Господи, подумал я, какую же силу ты даешь порой этому маленькому народу и какую же ненависть надо было скопить к этому государству, чтобы он мог вот так разогнуть парализованные ноги, встать наконец и уйти с этой земли!..

– He! You are workin hard [Эй ты, надорвешься]!

Отжимаясь от земли, я увидел перед собой шнуровку тупоносых черных ботинок и задрал голову вверх. Надо мной, заслонив солнце, стоял полицейский в отглаженных брюках; на его широком поясе висели пистолетная кобура, резиновая дубинка, коробка с патронами, уоки-токи, стальные наручники и кожаный планшет.

– В чем дело? – спросил я не вставая.

– Встань…

Я встал, краем майки утер пот со лба. Полицейский был выше меня на голову и вдвое шире в плечах.

– Твое гражданство?

– США. А в чем дело?

– Ты живешь в этом районе?

– Да. На Cто восьмидесятой улице. А что?

– Ты видел этого мужика? – Полицейский достал из планшета фоторобот – портрет не то негра, не то испанца.

– No, – сказал я.

– Посмотри внимательно! – приказал он.

– Тут не на что смотреть. Вы даже не знаете, он черный или испанец.

Полицейского это озадачило.

– Откуда ты это знаешь?

– Глянь на эти губы, – сказал. – Это губы черного или испанца?

Полицейский посмотрел на фоторобот.

– Well… – сказал он в затруднении. – Н-да… Кажется, ты прав. Ты кто по профессии?

– Я писатель.

– Писатель? Если ты писатель, чего ты надрываешься, как спортсмен?

– Я собираюсь в командировку в Россию.

– Ясно. У них там столько же преступности, сколько у нас?

– Больше.

– Да ладно! – не поверил полицейский. – Я видел Горбачева по телику. Он замечательный мужик, не так ли?

Я поглядел на полицейского снизу вверх. Ему было лет сорок, у него была красная шея и конопатое лицо огайского фермера, но акцент негритянский – скорее всего от постоянной работы в Гарлеме. Прочесть ему лекцию о России и Горбачеве или не ввязываться в дискуссию? Эти американцы знают о России столько же, сколько я о Тунисе или Индонезии.

– Может быть… – сказал я уклончиво и кивнул на фоторобот, который полицейский уже прятал в планшет. – А кто это?

– Насильник и перевозчик наркотиков. А наркоманы есть в России?

– Конечно. Наркоманы, насильники, грабители, рэкетиры и даже мафия. И плюс – КГБ.

– Так зачем туда ехать в таком случае?

– Я должен.

– Ладно. Желаю удачи.

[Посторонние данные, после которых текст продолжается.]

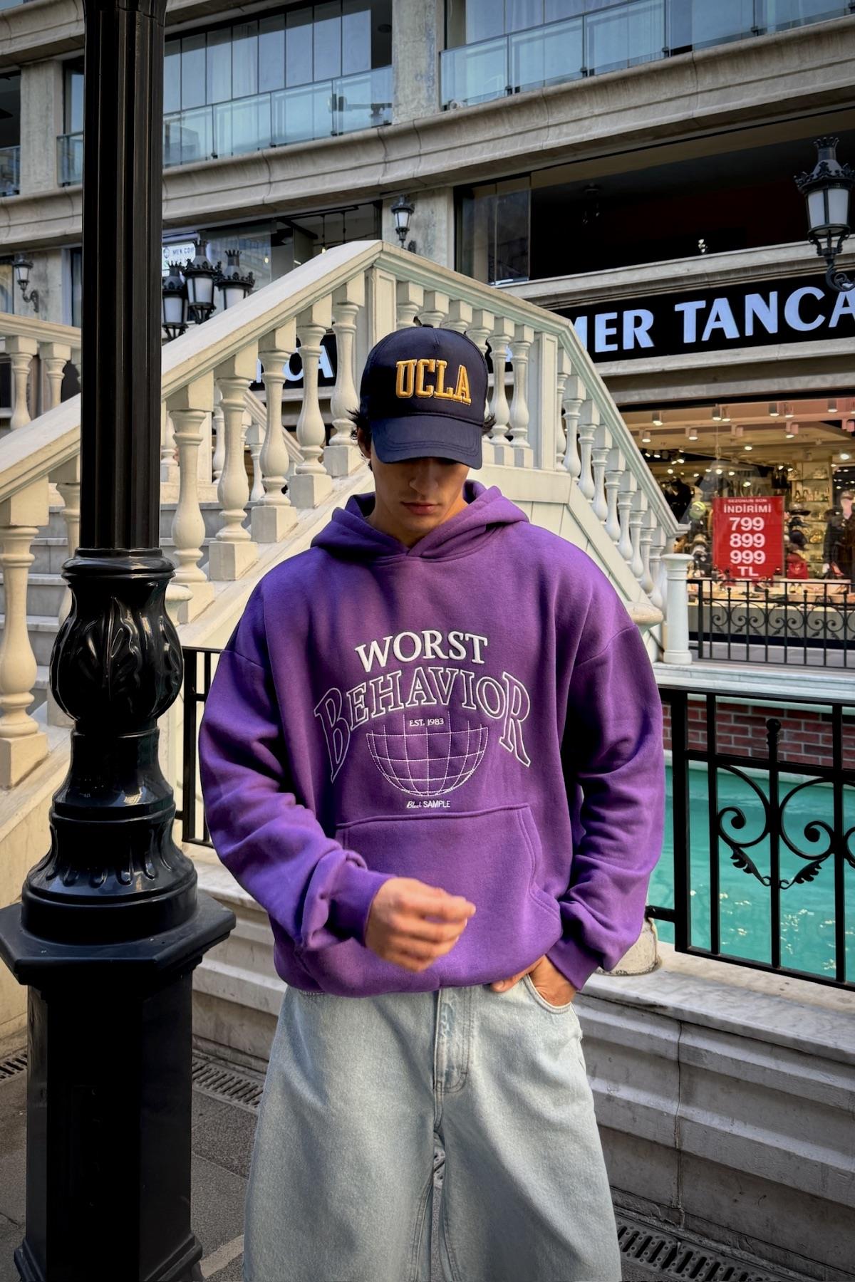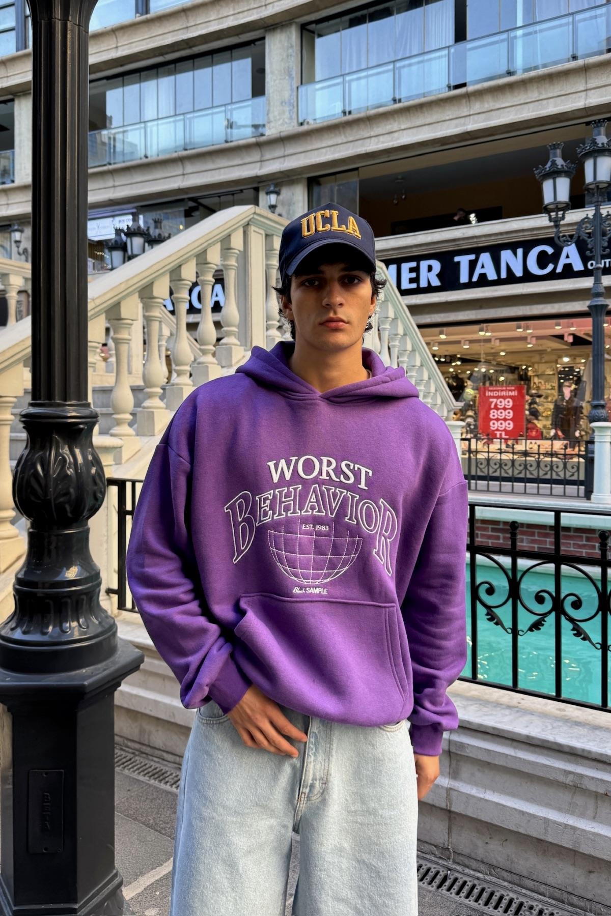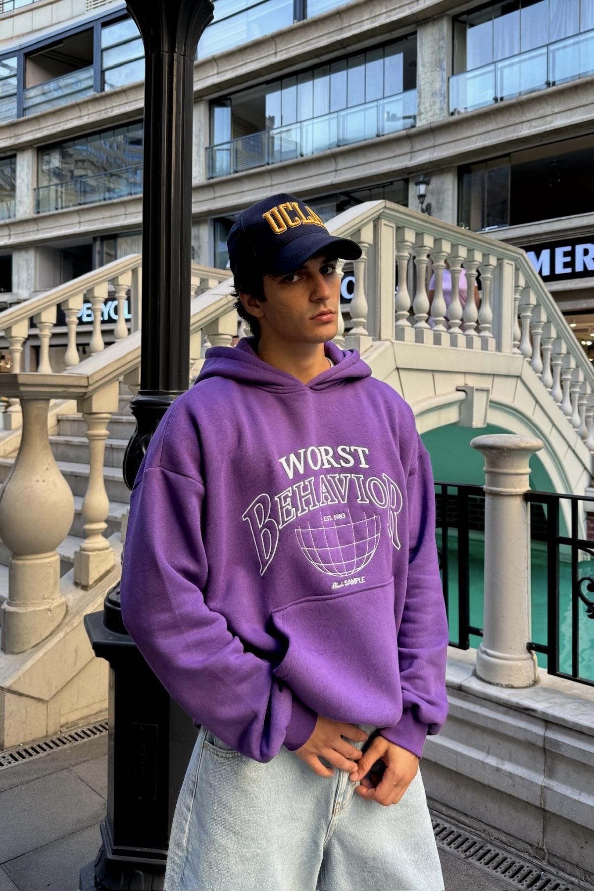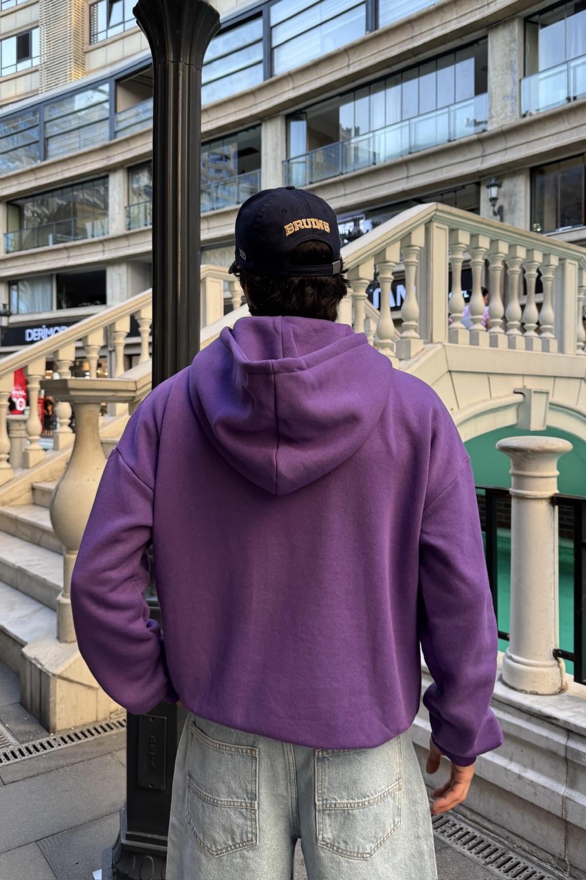 Nakışlı Mor Oversize Worst Hoodie (P-005339)

Только будь там осторожен.

– Thanks, – сказал я и побежал домой – через туннель, где валялся черный бродяга с вывалившимся из ширинки членом, по загаженной бетонной дорожке вверх – мимо разворованных и сожженных автомобилей, по Сто восьмидесятой улице, мимо ватаги черных и испанских подростков, которые при красном светофоре стремительно набрасываются на машины и мыльной пеной замазывают стекла еще до того, как водители успевают сказать, нужно ли им мыть машину… Потом, задыхаясь, я взбежал по пыльной лестнице дома, где я жил теперь у Максима, – мимо груды мусорных мешков на каждой лестничной площадке…

Еще не вставив ключ в замочную скважину, я услыхал за дверью телефонный звонок. Никто не снимал трубку – Максим еще с ночи ушел в церковь к утренней службе. Второй звонок, третий. Наверно, это Лиза по поводу денег или у Ханочки простуда. Быстрей!

Наконец я открыл три замка на обшарпанной двери, вбежал в квартиру, огляделся – где же этот f… телефон? С некоторых пор я обнаружил, что стоит мне поговорить даже недолго по-английски, как я мысленно перехожу на английский, и особенно на мат.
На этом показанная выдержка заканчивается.